Scott Porter ’80 and Laura Ruth Johnson ’92 are the winners of this year’s Joseph F. Wall ’41 Sesquicentennial Service Awards.

Porter, who lives in Orlando, Fla., will use his award to expand adaptive sports clinics and an equipment-lending program there. He has been running both programs for two years, the former through Achilles Central Florida and the latter through the Greater Orlando Spinal Cord Injury Network.

“I understand the real-world experiences that can generate the feeling that the outside world is inaccessible,” Porter says. As a wheelchair athlete who has competed in 22 marathons, he understands that adaptive sports can improve quality of life for people with disabilities. The five handcycles that Porter plans to purchase will be used for both the adaptive sports clinics and the equipment-lending program. Without these programs, potential riders would have nowhere to go to try the equipment.

The second winner, Johnson, proposed Proyecto Atabey, to mentor and support young Latina and African-American mothers through an intergenerational program in Chicago. The effort will be based at an alternative high school that serves the largely Puerto Rican community of Humboldt Park. Adolescent parents who are enrolled in this school and attend the Family Learning Center, a specialized initiative for parents, will be targeted for the mentorship program. The project will recruit graduates from the program, and other mothers in the community who were teen parents, to provide presentations to current learning-center participants. In addition to these regular sessions, some current students will be paired with a mentor who can provide them with more individualized support.

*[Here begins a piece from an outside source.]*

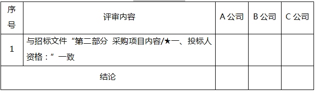 2.投標(biāo)人分欄中填寫(xiě)“○”表示該項(xiàng)符合審查要求,“×”表示該項(xiàng)不符合審查要求;
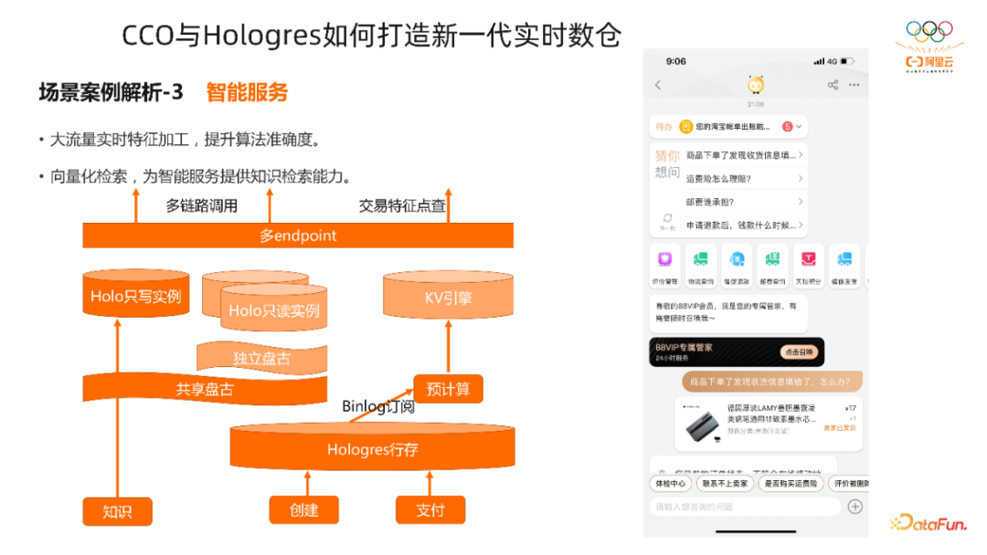 智能客服场景是是淘宝App上的一个to C能力,比如为88VIP的智能客服服务旨在通过智能化的服务降低人工服务成本。这个场景就是非常典型的在线服务场景,当用户发起服务请求时,智能服务需要快速响应并提供相应的帮助。在该场景中,充分利用了Hologres的在线服务能力,并使用了Hologres内置的达摩院向量检索Proxima能力,支持向量检索,通过对知识库的向量检索来极大提升了知识的检索准确度,减少了架构的复杂度。

The Wall Service Awards were established during the College’s 1996 sesquicentennial celebration to honor Grinnell’s commitment to social responsibility and public service. They are named in honor of Wall, who was a professor of history at Grinnell who inspired an ideal of social responsibility in his Grinnell students. The College typically gives awards of $25,000 each to two graduates to carry out a service project that is of tangible benefit to others. Projects may be original or supplement existing projects or programs; they may be local, regional, national, or international in scope; and may be carried out domestically or internationally.

Applications are due each February.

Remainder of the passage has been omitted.